**DATA EXCERPTS**:
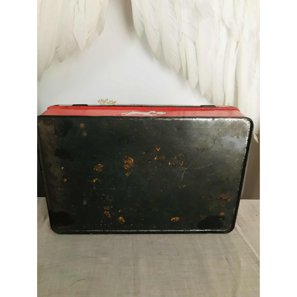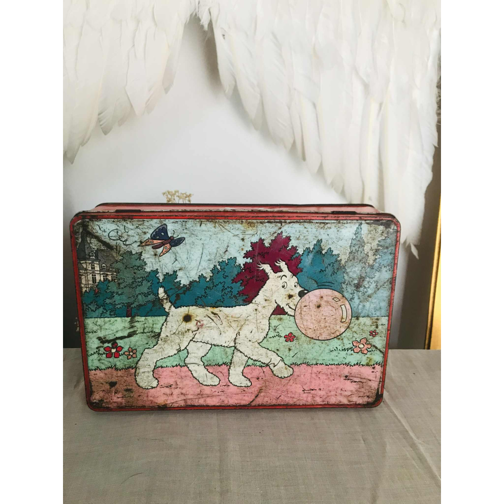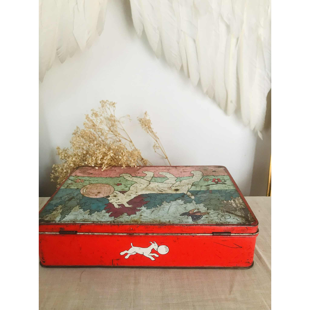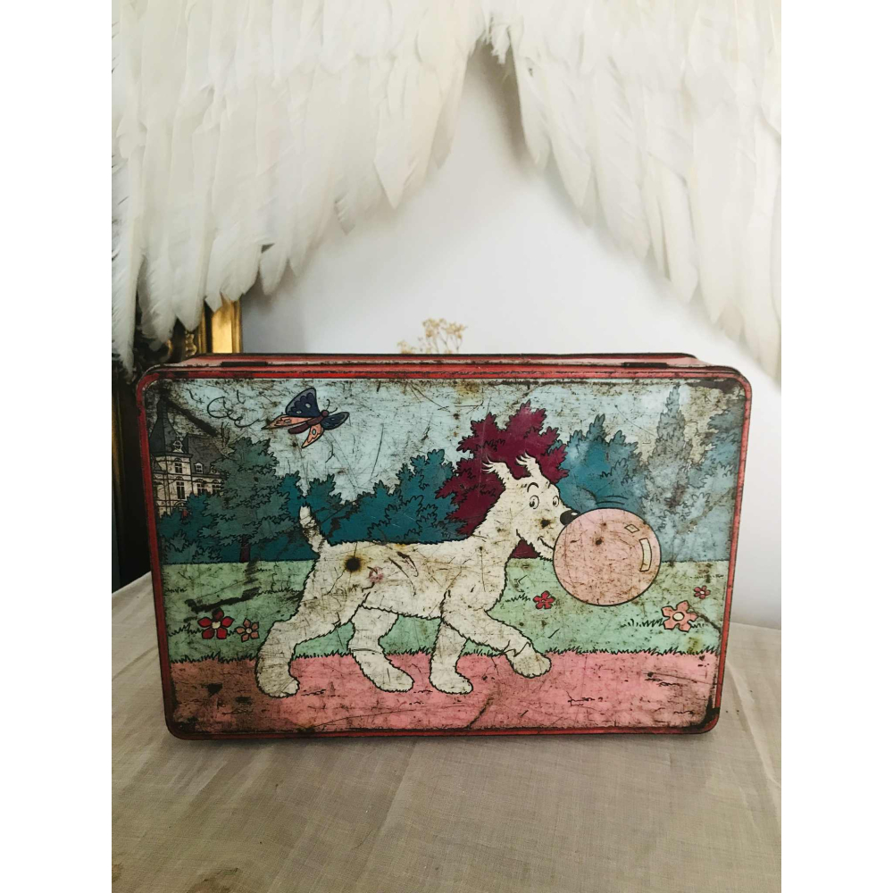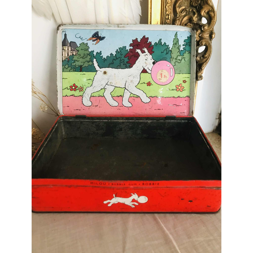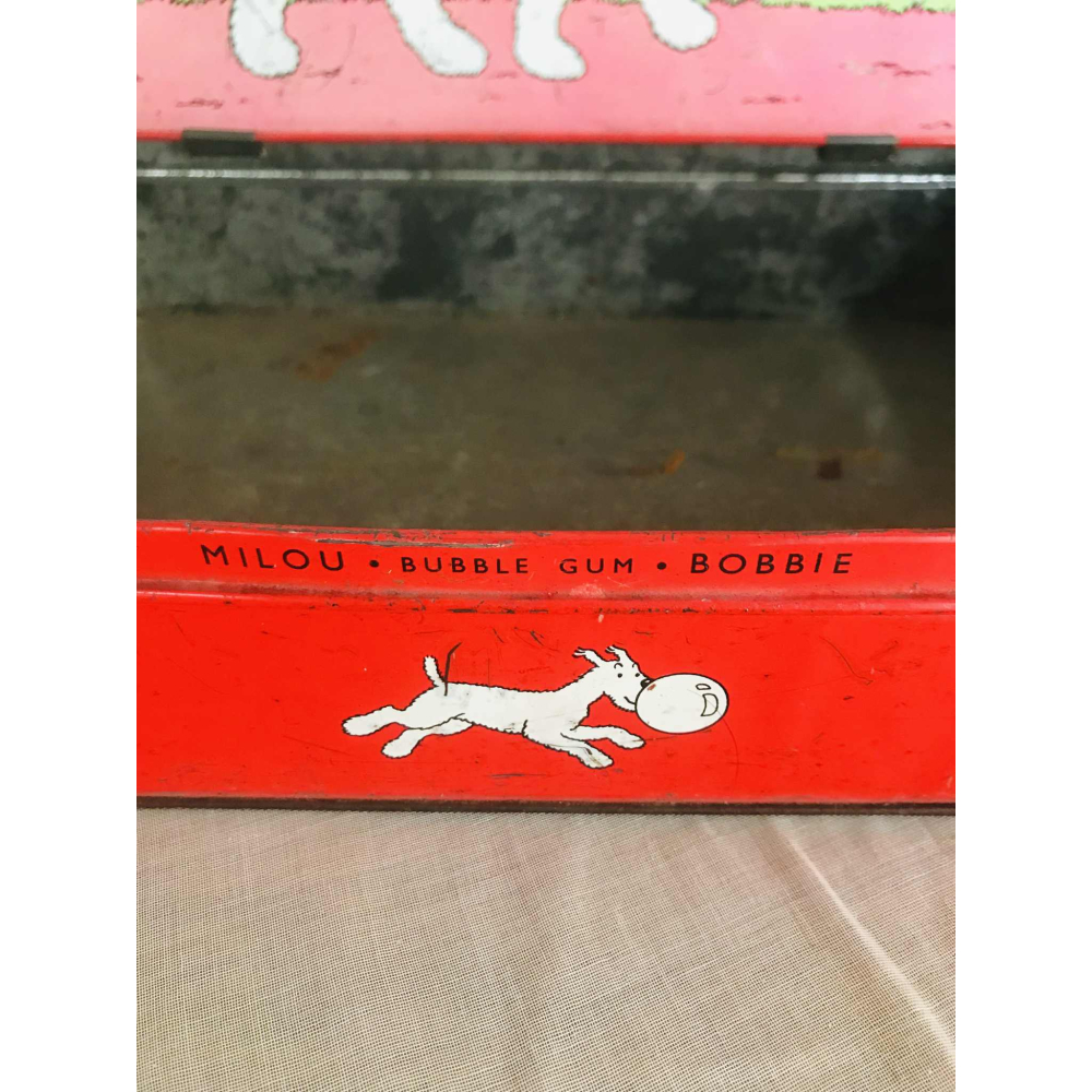 Op deze charmante vintage blikken doos staat Milou (Bobbie), de geliefde hond uit de Kuifje-strips, vrolijk een kauwgombel te blazen. De doos dateert uit de jaren 50-60 en werd oorspronkelijk gebruikt om "Milou Bubble Gum" in te verpakken. Het is nu een zeldzaam verzamelobject. De doos is versierd met kleurrijke, nostalgische illustraties op het deksel en de zijkanten, met levendige afbeeldingen uit het midden van de vorige eeuw die nog steeds de aandacht trekken. Hoewel er tekenen van ouderdom en slijtage te zien zijn, waaronder wat roest en oppervlakkige krasjes, blijven het karakter en de authenticiteit intact. Een prachtig stuk voor elke Kuifje-fan, liefhebber van vintage speelgoed of verzamelaar van reclamememorabilia. Perfect als decoratie of voor het bewaren van kleine schatten met een vleugje stripgeschiedenis.
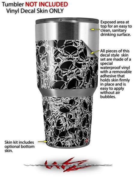 WraptorSkinz Skin Wrap compatible with RTIC 30oz ORIGINAL 2017 AND OLDER Tumblers Scattered Skulls Black (TUMBLER NOT INCLUDED)
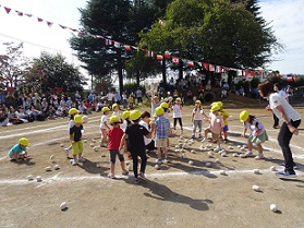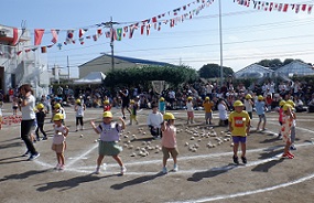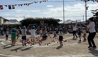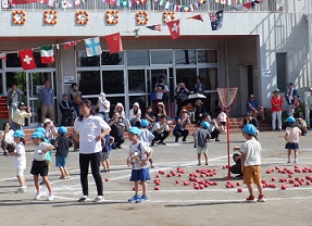 年中さんの玉入れです。入場のうたに合わせて、「エイエイオー」と気合十分でした。
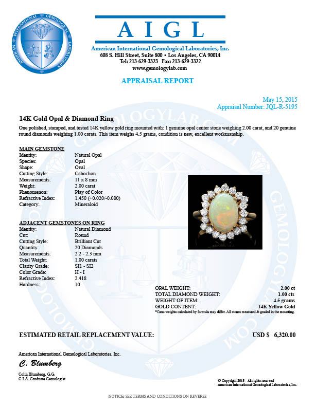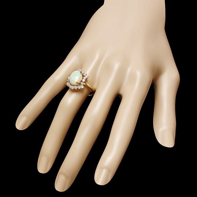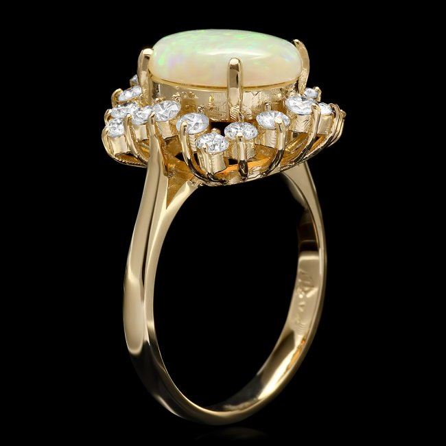 Retail: $6,200.00 ****** 14k Yellow Gold 2.00ct Opal 1.00ct Diamond Ring ****** Metal: 14k Solid Yellow Gold / Total Item Weight: 4.5 grams / Country Made: United States / / Main Stone: Opal / Color: Multi-Colored / Carat Total Weight: 2.00 / Treatment: None / Origin: Australia / Type: Crystal / Toughness: Good / / Secondary Stone: Diamond / Carat Total Weight: 1.00 / Treatment: None / Color Grade: H - I / Clarity: SI1 - SI2 / Cut: Very Good /
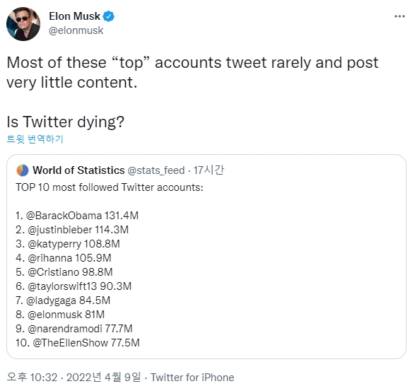 머스크가 공유한 명단은 월드오브스태티스틱스라는 집계기관에서 전세계에서 가장 팔로워를 많이 둔 트위터 사용자의 순위를 매긴 것으로 1위는 버락 오바마 전 미국 대통령(1억3140만명), 2위는 캐나다의 유명가수 저스틴 비버(1억1430만명), 8위는 머스크 이사(8100만명) 등으로 나와 있다.
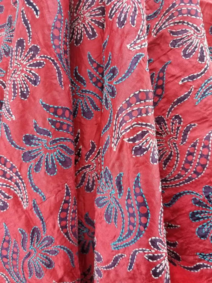 - Craft & Technique:The unique art of Kantha embroidery, passed down through generations, is a form of freestyle embroidery from India. This old ingenious art form involves an utmost labor-intensive process, as each intricate running stitch is done by hand. Daily life inspires Kantha embroidery craft. The most common motifs are derived from nature and surroundings, the sun, the tree of life, animals, oceans, flowers, and birds along with geometrical shapes from everyday activities. A finished piece compromises of multiple lines and motifs filled with running stitch, darn stitch, and satin stitch all over, bringing an authentic hand embroidered appearance.

**WORK REQUEST**: Once the pictures are set aside, transcribe the remaining lines above exactly.

**TASK ANSWER**:
 Op deze charmante vintage blikken doos staat Milou (Bobbie), de geliefde hond uit de Kuifje-strips, vrolijk een kauwgombel te blazen. De doos dateert uit de jaren 50-60 en werd oorspronkelijk gebruikt om "Milou Bubble Gum" in te verpakken. Het is nu een zeldzaam verzamelobject. De doos is versierd met kleurrijke, nostalgische illustraties op het deksel en de zijkanten, met levendige afbeeldingen uit het midden van de vorige eeuw die nog steeds de aandacht trekken. Hoewel er tekenen van ouderdom en slijtage te zien zijn, waaronder wat roest en oppervlakkige krasjes, blijven het karakter en de authenticiteit intact. Een prachtig stuk voor elke Kuifje-fan, liefhebber van vintage speelgoed of verzamelaar van reclamememorabilia. Perfect als decoratie of voor het bewaren van kleine schatten met een vleugje stripgeschiedenis.
 WraptorSkinz Skin Wrap compatible with RTIC 30oz ORIGINAL 2017 AND OLDER Tumblers Scattered Skulls Black (TUMBLER NOT INCLUDED)
 年中さんの玉入れです。入場のうたに合わせて、「エイエイオー」と気合十分でした。
 Retail: $6,200.00 ****** 14k Yellow Gold 2.00ct Opal 1.00ct Diamond Ring ****** Metal: 14k Solid Yellow Gold / Total Item Weight: 4.5 grams / Country Made: United States / / Main Stone: Opal / Color: Multi-Colored / Carat Total Weight: 2.00 / Treatment: None / Origin: Australia / Type: Crystal / Toughness: Good / / Secondary Stone: Diamond / Carat Total Weight: 1.00 / Treatment: None / Color Grade: H - I / Clarity: SI1 - SI2 / Cut: Very Good /
 머스크가 공유한 명단은 월드오브스태티스틱스라는 집계기관에서 전세계에서 가장 팔로워를 많이 둔 트위터 사용자의 순위를 매긴 것으로 1위는 버락 오바마 전 미국 대통령(1억3140만명), 2위는 캐나다의 유명가수 저스틴 비버(1억1430만명), 8위는 머스크 이사(8100만명) 등으로 나와 있다.
 - Craft & Technique:The unique art of Kantha embroidery, passed down through generations, is a form of freestyle embroidery from India. This old ingenious art form involves an utmost labor-intensive process, as each intricate running stitch is done by hand. Daily life inspires Kantha embroidery craft. The most common motifs are derived from nature and surroundings, the sun, the tree of life, animals, oceans, flowers, and birds along with geometrical shapes from everyday activities. A finished piece compromises of multiple lines and motifs filled with running stitch, darn stitch, and satin stitch all over, bringing an authentic hand embroidered appearance.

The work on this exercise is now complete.